When is it requested?

vWF antigen and vWF activity, and factor VIII  tests are ordered following a detailed bleeding history and after initial bleeding disorder screening tests (such as , PT, PTT) have been performed to investigate someone's personal or family history of bleeding episodes. vWF tests are repeated when they are initially normal but suspicions of vWD remain high.

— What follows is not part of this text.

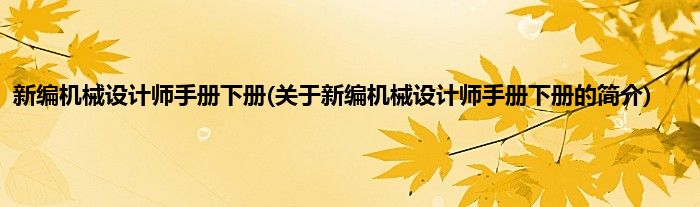 本文关于新编机械设计师手册下册的简介就讲解完毕,希望对大家有所帮助。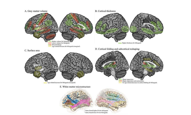 图4.双语经历对脑结构的影响概况(双语者与单语者之间有差异的区域)。A-D.灰质体积。B.皮层厚度。C.皮层表面积。D.皮层折叠。E.白质纤维束微观结构。

The signs and symptoms that may prompt testing vary depending on the type of VWD a person has and may include:

  • Frequent or repeated nose bleeds
  • Excessive bruising after minor knocks or injury
  • Excessive bleeding from the gums after a dental procedure
  • Prolonged bleeding after surgery
  • Blood in urine or stool
  • Heavy and/or prolonged menstrual bleeding


When vWF testing suggests vWD, then additional testing may be performed to determine which subtype the person has.

Testing may also be requested to monitor the effectiveness of therapy such as biostate or DDAVP pre and post treatment or surgery.

What does the result mean?

Interpretation of vWF test results can be challenging and requires consultation with a doctor who specialises in bleeding disorders, such as a haematologist or coagulation specialist. People who have mild vWD may have normal vWF antigen and vWF activity test results and people who do not have vWD may have moderately decreased test results.

In someone with normal or near normal bleeding disorder screening test results, a significantly decreased vWF antigen test suggests that they have a quantitative vWF deficiency and may have Type 1 vWD or, more rarely, may have acquired vWD. If no or very little vWF and factor VIII are present, the person tested may have Type 3 vWD. This will typically be seen in a child who experiences bleeding episodes early in life that may appear to be due (or actually be due) to haemophilia A, a factor VIII deficiency bleeding disorder that affects males.

If the vWF antigen test is normal or nearly normal and the vWF activity is decreased, then the person being tested may have Type 2 vWD. Further testing will be required to determine which subtype is present.

Increased concentrations of vWF antigen and vWF activity are not considered diagnostic. vWF is one of the acute phase reactants. This means that levels will be temporarily increased with infections, inflammation, trauma, and with physical and emotional stressors. They are also increased with pregnancy and with the use of oestrogen medications such as oral contraceptives.

Is there anything else I should know?

A person's ABO blood type affects vWF concentrations. People with type O blood have vWF levels that are up to 25 per cent lower than those with other blood types.

Levels of other acute phase reactants (such as CRP, fibrinogen) may be helpful if vWF levels are borderline normal. For example, a borderline normal vWF with significantly high CRP and/or fibrinogen may suggest vWD.

vWF is produced by megakaryocytes and by the endothelial cells that line blood vessels. It is released by platelets and endothelial cells as needed.

Common questions

  • Should everyone be tested for vWF?

No, vWF tests are not intended to be used for general screening or for initial bleeding disorder investigation. Most people will never need to have vWF testing performed.


  • Can vWF testing be performed in my doctor's office?

vWF testing must be performed in a laboratory and is often sent to a reference laboratory. It requires specialised equipment and interpretation.


  • If I have heavy menstrual periods, do I have vWD?

It is possible, but many women who experience heavy bleeding during menstruation do not have vWD.


  • Can I have vWD and not know it?

Yes. Some people experience no or few symptoms, even though they have quantitative or qualitative vWF deficiencies.


  • Should I tell my other doctors that I have been diagnosed with vWD?

Yes. This is important information for your doctors and dentist to have. They will need to plan ahead for any surgical or dental procedures you may have, including childbirth.


  • Is there treatment for vWD?

Yes. There is treatment that can be given intermittently, that is used primarily before surgical or dental procedures. A medication called desmopressin (DDAVP) promotes the release of vWF (von Willebrand Factor) in some people with vWD. There are also vWF/FVIII concentrate replacement therapies and other non-vWF related measures that can be taken to control bleeding.